2. Traffic and Parking Assessment Lacks 2025 Context
The traffic report is based on 2019 data, with only a brief 2023 addendum referencing 2022 volumes. All of this predates the opening of the CDU City Campus (Danala | Education and Community Precinct) in October 2024.
The new campus brings substantial educational, cultural and community activity into the CBD. This has changed traffic patterns, increased parking demand, and altered pedestrian flow. None of these impacts are reflected in the applicant’s material. Without updated data, the DCA cannot reasonably assess how the additional dwellings, altered setbacks, and design changes will compound congestion and parking pressure.
3. Legal and Procedural Concerns
– Clause 1.10(1) of the NT Planning Scheme 2020 allows the DCA to assess only the proposed amendments. But this does not excuse the absence of relevant, timely supporting evidence.
– Under the Planning Act 1999, the DCA must consider current impacts, land capability, and infrastructure needs. Outdated traffic and parking data prevent proper evaluation.
– Relying on stale and fragmented documents risks breaching procedural fairness, undermines transparency, and could expose any approval to legal challenge.
4. Community Expectation and Procedural Fairness
Residents are entitled to assess proposals with information that is:
– Timely — reflecting current realities (e.g. CDU activity).
– Consolidated — not spread across multiple prior applications.
– Usable — enabling independent analysis and meaningful comment.
The current documentation fails all three tests.
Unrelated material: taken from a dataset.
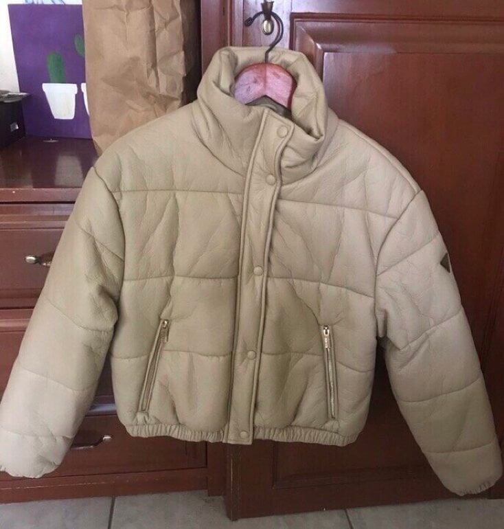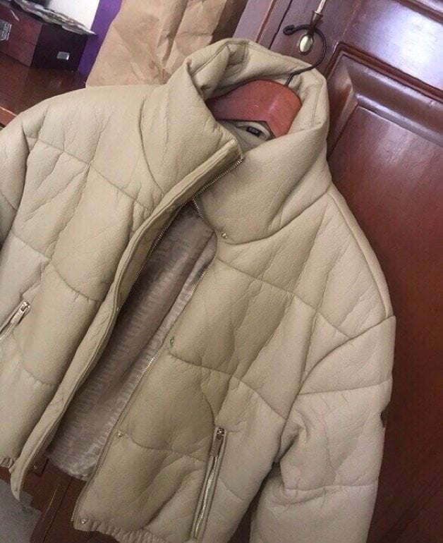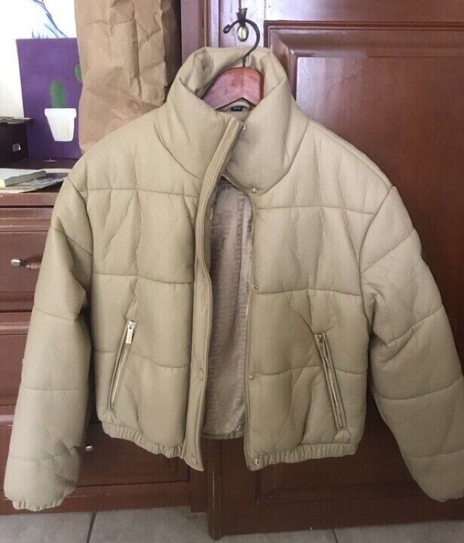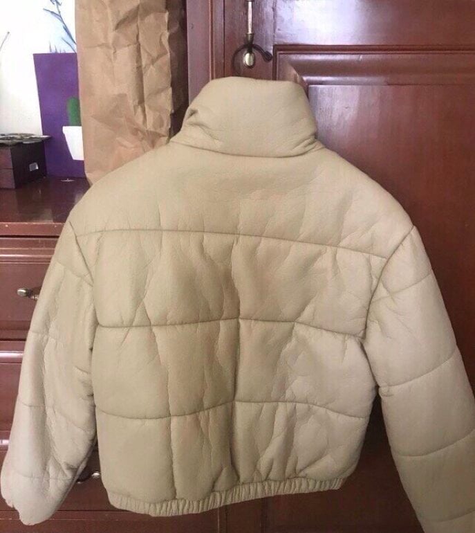 Puffer jacket de piel. En color beige.

It places residents at a disadvantage and undermines the integrity of the process.
5. Flawed Justifications for Density
The 2024 documentation claimed that higher density was required to make the project feasible in an environment of “high interest rates and escalating construction costs.” With multiple interest rate cuts since then, this justification no longer stands.
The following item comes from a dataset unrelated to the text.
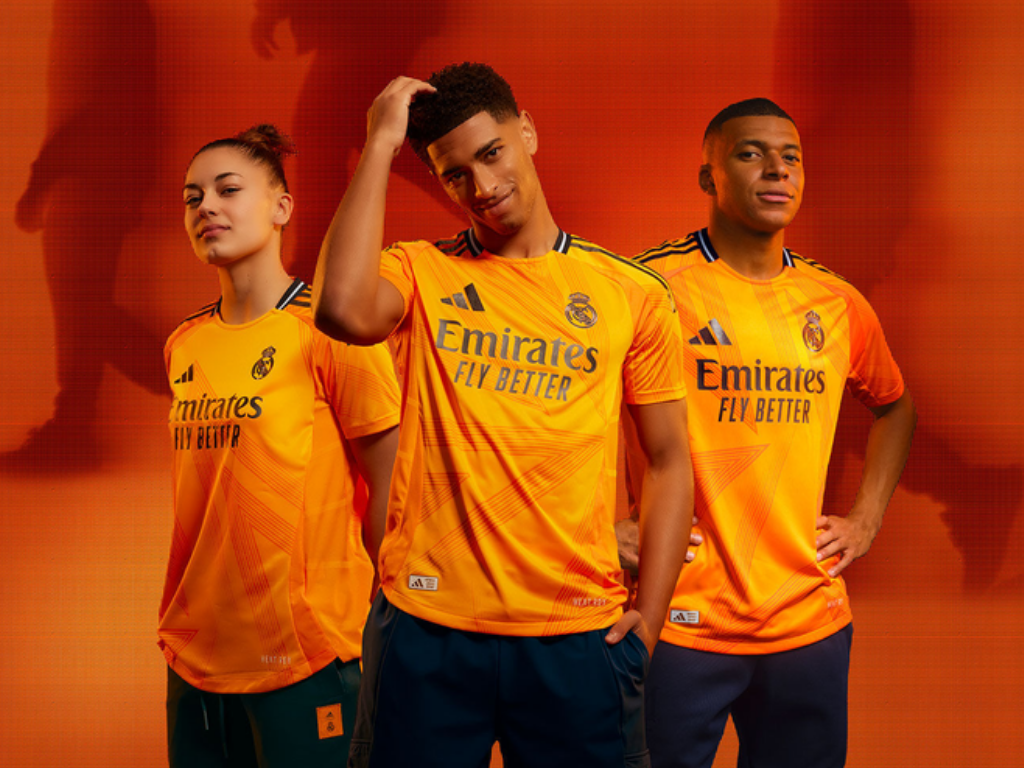 Mbappé aparece junto a Bellingham, Vinícius y Valverde, entre otros, en la presentación de la elástica de tono anaranjado que se ha presentado durante el día de hoy por parte de la marca alemana y del propio club merengue.

If project profitability were grounds to ignore planning standards, Territorians could just as well argue to avoid stamp duty, registration, or licence fees. Costs alone cannot excuse departures from legislation.
6. Amenity, Setbacks, and Streetscape
– No setback is provided on the Smith Street frontage, despite this being public land and part of a historic boulevard viewline. The reduction from 7.5m to 0m has never been adequately justified.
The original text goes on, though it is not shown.